Висящий на складке кожи треугольник дернулся, налился еще большей тяжестью, будто рожденная из огня лихорадочного бреда чумы тварь притягивала его к себе шевелением скрюченных лап.
— Красавец, — провозгласил безумный мафусаил. — Прелесть. Истинный облик парии, исторгнутой из недр древней машины любопытствующей волей человека, искалеченного нравственными пределами. Глупец прошлых времен так и не понял — невозможно созерцать звездные небеса в путах внутреннего нравственного закона, как нельзя оставаться нравственным существом, преодолевая тяготение на пути к звездам.
Сворден напрягся, и ему показалось ферма начала подаваться. Оглушающе стучало сердце, задавая ритм адреналиновым инъекциями, что врывались в жилы обжигающими волнами и прокатывались по телу, заставляя его снова и снова исполнять боевой танец воли к жизни. Стальной обруч боли крепче стискивал череп, а в виски впивались винты, подкручиваемые безжалостной рукой ужаса.
— Не меня… Не меня… Не меня… — шевелились губы, зажив собственной жизнью животного страха существа, бессильного перед заговором всего мира против его никчемной душонки.
Лязгала лента, продолжая неукротимым стальным потоком нести грешников к перемалывающей глотке преддверия преисподней. Не каждому счастливцу удавалось достичь края бездны, где вертикаль стальной фермы начинала крениться, попадая между зубцами колоссальной дробилки, и та осторожно принималась за превращение живой плоти в нежнейший фарш. Сколько их полегло или вознеслось, оставив на формах ненужные куски, чаще всего — сжатые кулаки на укороченных запястьях, свирепо грозящих мутному небу.
— Урок… Несчастный мальчик преподнес нам урок, своей кровью низвергнув человечество с пьедестала космической экспансии, — продолжал хрипеть старик. — Великая цель… Благородство помыслов… Прометеевский дух… А что, если единственная судьба парии — увидеть дурацкие баклашки и умереть? Не от пули, не от ножа, а от исполненного долга всей жизни? Нет, прав оказался плешивец, что ценой крови лишил нас ужасающей разгадки. Уж лучше сгинуть от мук совести, чем пасть с пьедестала!
Полупрозрачный эпителий вставал непролазными зарослями по обе стороны движущейся ленты. Длинные полые трубки тянулись к фермам жадными щупальцами, и в их прозрачности набухали фиолетовые пятна стрекательных клеток, которые только и ждали касания голых тел, чтобы разрядиться тысячами ядовитых жал.
Одна из трубок мазнула знатока запрещенных наук, и старец отчаянно возопил. Чудовищная опухоль охватила ногу, в мгновении раздув ее так, что стальное крепление не выдержало напора плоти и разлетелось. Казалось, багровая в изумрудных крапинах змея поглотила конечность и теперь переваривает заживо тощее мясцо.

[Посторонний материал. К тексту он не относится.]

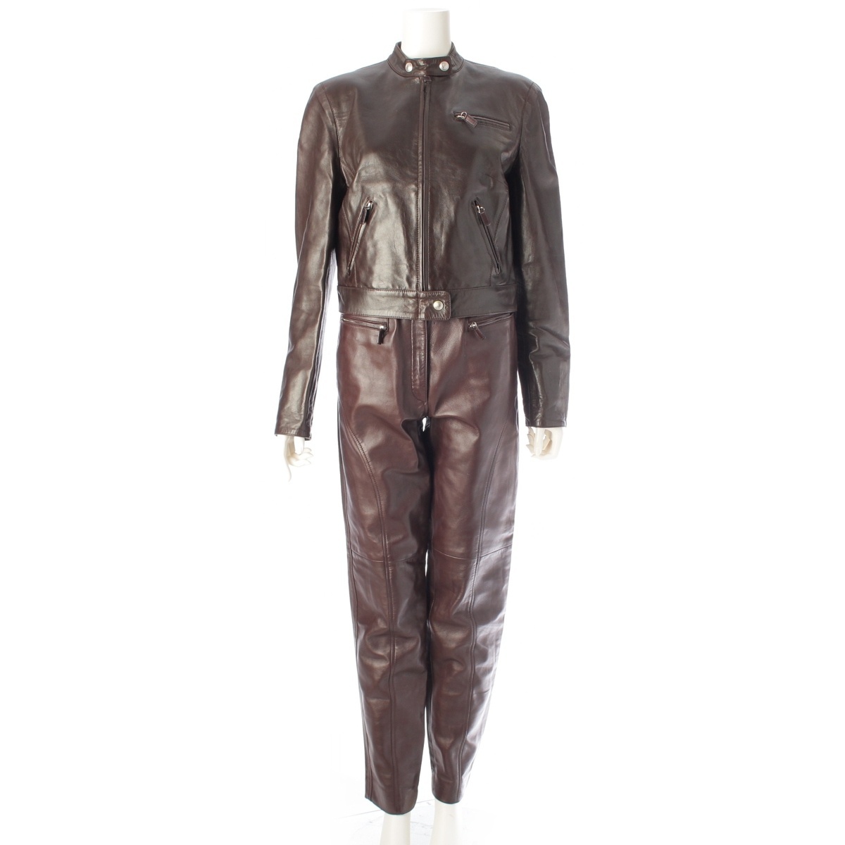 - グッチ 1995年 レザー トムフォード バイカースタイル シングルライダース パンツセットアップ ダークブラウン 44/42【中古】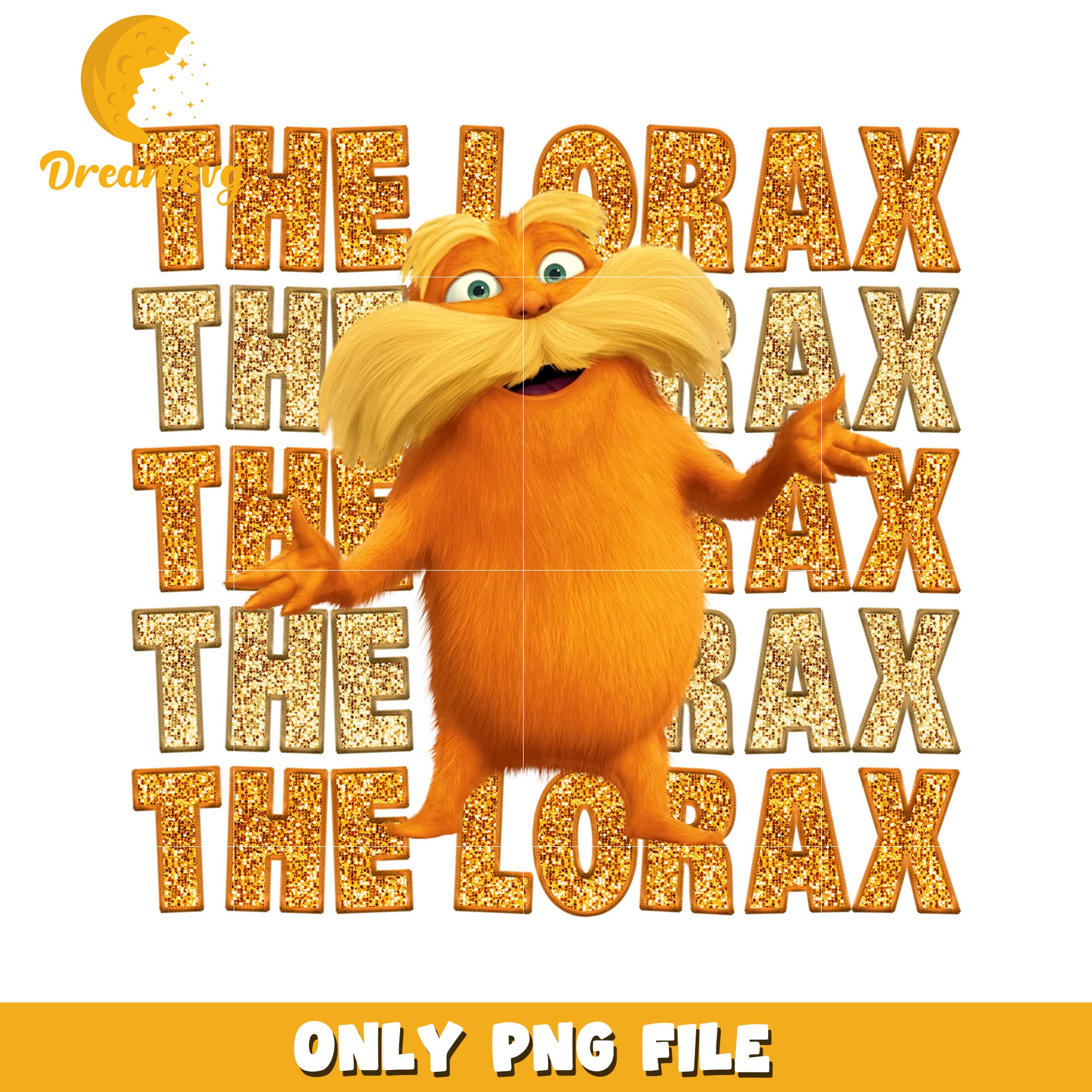 Glitter the lorax png is a product of our Dr. Seuss collection! Inspired by the quirky world of Dr. Seuss, this collection features high-quality designs of beloved characters like the Cat in the Hat, Thing 1 and Thing 2, and Horton. Perfect for creating fun projects like party invitations, t-shirts, and classroom decorations, these PNG files are easy to use and compatible with popular design software. Whether you're celebrating Dr. Seuss Day, creating educational materials, or making personalized gifts, our Dr. Seuss PNG collection will add a little playful magic to your creations.

Кошмарная помесь, оскальзываясь, все же поднялась, замерла, покачиваясь из стороны в сторону и поводя неуклюжей головой, отягощенной клацающими лезвиями. На каких еще чудовищ рассчитан отменно смазанный слизью и смоченный слюной невероятный резак? Неужто его единственное назначение — пугать распятых грешников, да отделять плоть от костей в преддверии падения в кипящие котлы преисподней?
Сворден почувствовал, что ферма с большой неохотой, но все же подается. Усталость тела — ничто по сравнению с усталостью металла, раз за разом проходящего сквозь злые щели и горнила, орошаемого едкой кислотой пота ужаса и пота смерти, кровью живой, истекающих из ран, и кровью мертвой, что черным потоком струится по зазубринам стальной конструкции.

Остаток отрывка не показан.